Out for a run, I listened to A Podcast Of Unnecessary Detail talking about amicable numbers, and I wondered if I could use generating functions to sum the factors of an integer.

I know, now I have ( 1 + x ) problems. While GF underlie this, I’m not going to use them explicitly here.

If I wanted to work out the factors of 12 by hand, I would find its prime factorisation, (2^2 \times 3^1) and list every distinct choice for (2^a 3^b) with (0 \le a \le 2) and ( 0 \le b \le 1 ). There are six of those, as we’d expect.

But we can set that bit of combinatorics up as a product: if we worked out ((1+2+4)(1+3)) by expanding before adding, we’d get six terms, all different, all factors of 12 – we’ve got them all!

If we do it the sensible way, adding first, we get ( 7 \times 4 = 28\ ), which is indeed the sum of the factors of 12. (To get the sum of proper factors, we’d just subtract 12 at the end.)

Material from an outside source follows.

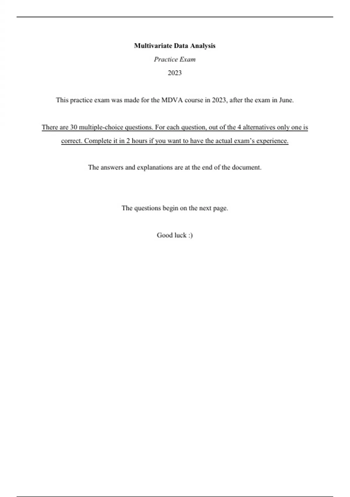 This practice exam was made for the MDVA course in 2023, after the exam in June.

We can do better than this.

Each of the factors – in general, not just for 12 – is a geometric sequence. If one of the prime-power factors of our number is $p^k$, then the corresponding factor is ( 1+ p + p^2 + \dots + p^k), which is ( \frac{p^{k+1}-1}{p-1) ).

So, if we want to sum the factors of an integer ( p_1^{k_1} p_2^{k_2} \dots p_n^{k_n} ) to get ( S ), we simply multiply together all of those geometric sequences: ( S = \Pi_{i=1}^n \frac{p_i^{k_i}-1}{p_i-1} ).

For example, if we take ( 220 = 2^2 \times 5 \times 11 ), we get (S = \frac{2^3-1}{2-1} \times \frac{5^2-1}{5-1} \times \frac{11^2-1}{11-1}), or ( \frac{7}{1} \times \frac{24}{4} \times \frac{120}{10} ); that’s ( 7 \times 6 \times 12 = 504 ) – that’s the sum of all of 220’s factors; the sum of its proper factors is ( 504- 220 = 284 ). Nice!